(Dataset items)
******

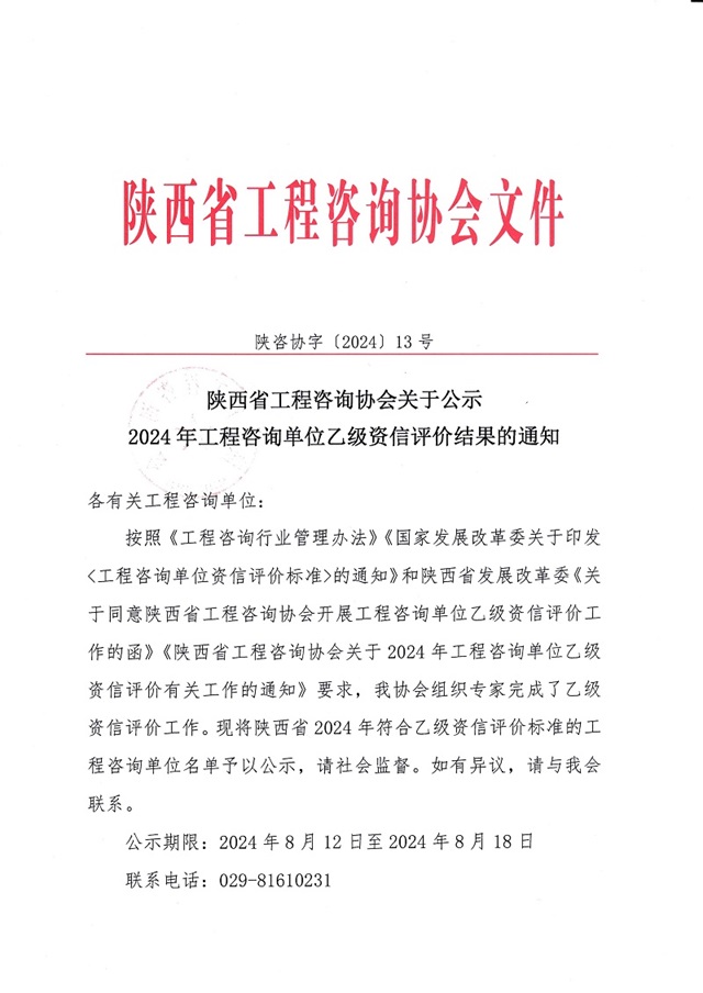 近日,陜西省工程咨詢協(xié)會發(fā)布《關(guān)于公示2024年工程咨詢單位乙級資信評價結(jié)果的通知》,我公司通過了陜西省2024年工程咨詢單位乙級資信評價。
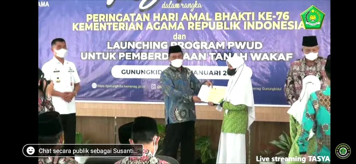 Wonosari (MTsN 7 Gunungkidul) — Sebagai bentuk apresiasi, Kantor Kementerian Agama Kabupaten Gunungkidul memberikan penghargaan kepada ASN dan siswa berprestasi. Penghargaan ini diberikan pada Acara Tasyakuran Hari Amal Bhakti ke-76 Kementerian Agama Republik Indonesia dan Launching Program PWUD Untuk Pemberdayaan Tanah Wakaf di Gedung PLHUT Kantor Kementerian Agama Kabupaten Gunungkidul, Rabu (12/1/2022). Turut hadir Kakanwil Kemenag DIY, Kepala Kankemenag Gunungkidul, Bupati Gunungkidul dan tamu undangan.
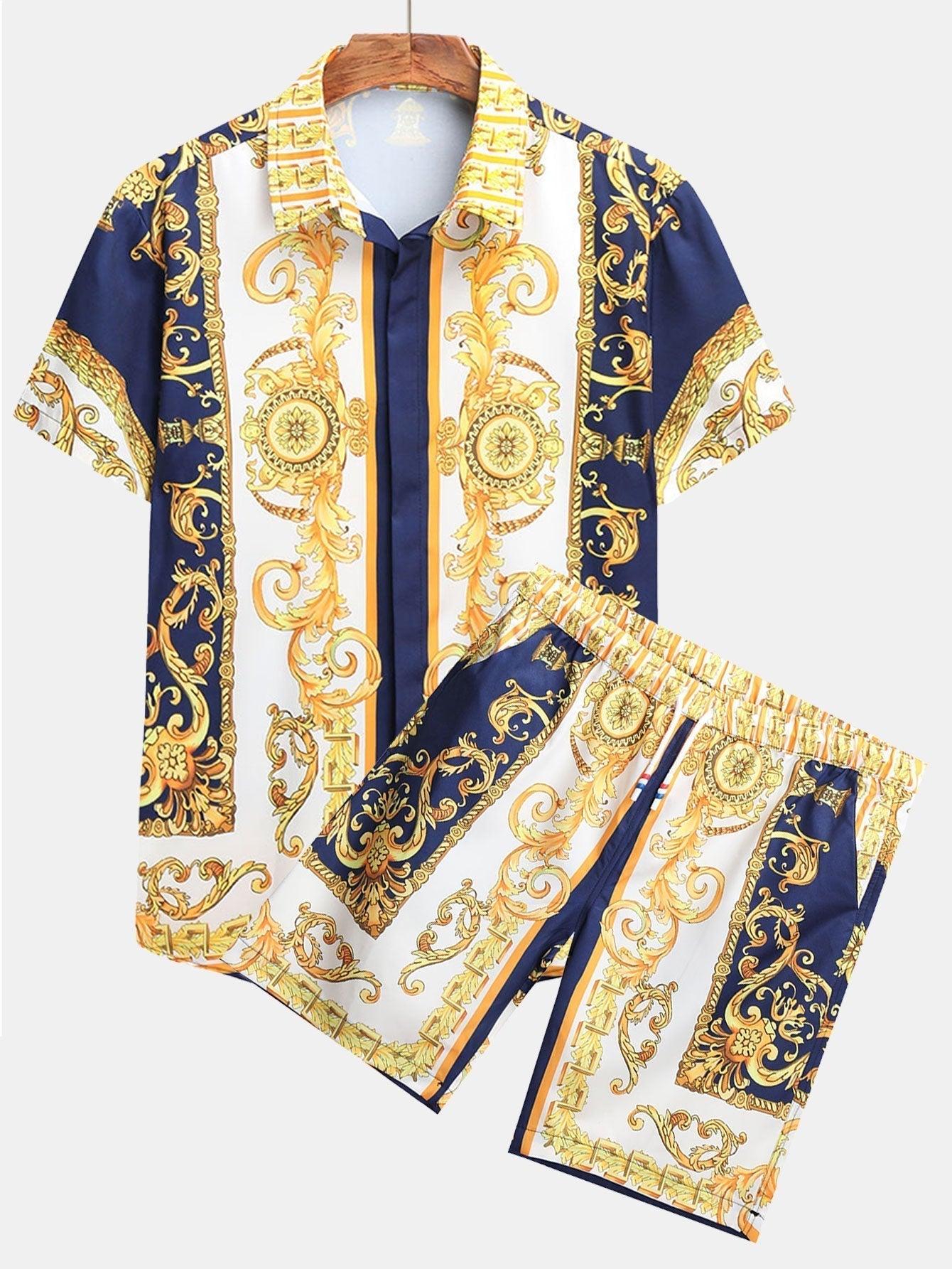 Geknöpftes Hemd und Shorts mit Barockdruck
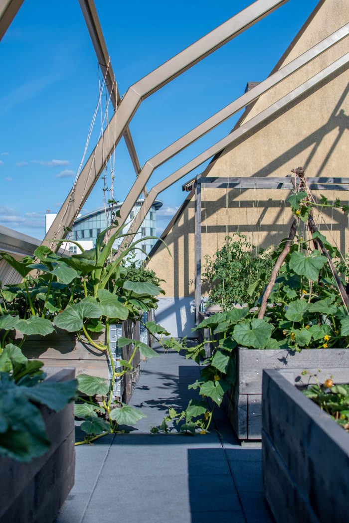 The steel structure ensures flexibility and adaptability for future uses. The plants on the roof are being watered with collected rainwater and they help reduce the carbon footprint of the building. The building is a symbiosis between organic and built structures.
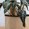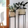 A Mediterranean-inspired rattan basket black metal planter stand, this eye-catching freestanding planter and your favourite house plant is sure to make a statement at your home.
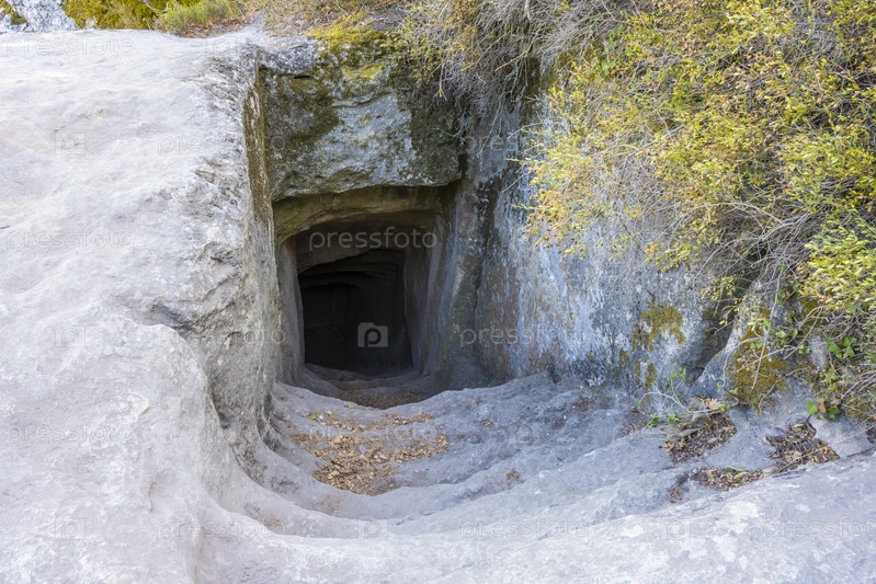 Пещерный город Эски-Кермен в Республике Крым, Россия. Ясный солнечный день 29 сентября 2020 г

******

• Your goal: Every record gets retyped exactly; no picture goes into the copy.

• Solution to this problem:
 近日,陜西省工程咨詢協(xié)會發(fā)布《關(guān)于公示2024年工程咨詢單位乙級資信評價結(jié)果的通知》,我公司通過了陜西省2024年工程咨詢單位乙級資信評價。
 Wonosari (MTsN 7 Gunungkidul) — Sebagai bentuk apresiasi, Kantor Kementerian Agama Kabupaten Gunungkidul memberikan penghargaan kepada ASN dan siswa berprestasi. Penghargaan ini diberikan pada Acara Tasyakuran Hari Amal Bhakti ke-76 Kementerian Agama Republik Indonesia dan Launching Program PWUD Untuk Pemberdayaan Tanah Wakaf di Gedung PLHUT Kantor Kementerian Agama Kabupaten Gunungkidul, Rabu (12/1/2022). Turut hadir Kakanwil Kemenag DIY, Kepala Kankemenag Gunungkidul, Bupati Gunungkidul dan tamu undangan.
 Geknöpftes Hemd und Shorts mit Barockdruck
 The steel structure ensures flexibility and adaptability for future uses. The plants on the roof are being watered with collected rainwater and they help reduce the carbon footprint of the building. The building is a symbiosis between organic and built structures.
 A Mediterranean-inspired rattan basket black metal planter stand, this eye-catching freestanding planter and your favourite house plant is sure to make a statement at your home.
 Пещерный город Эски-Кермен в Республике Крым, Россия. Ясный солнечный день 29 сентября 2020 г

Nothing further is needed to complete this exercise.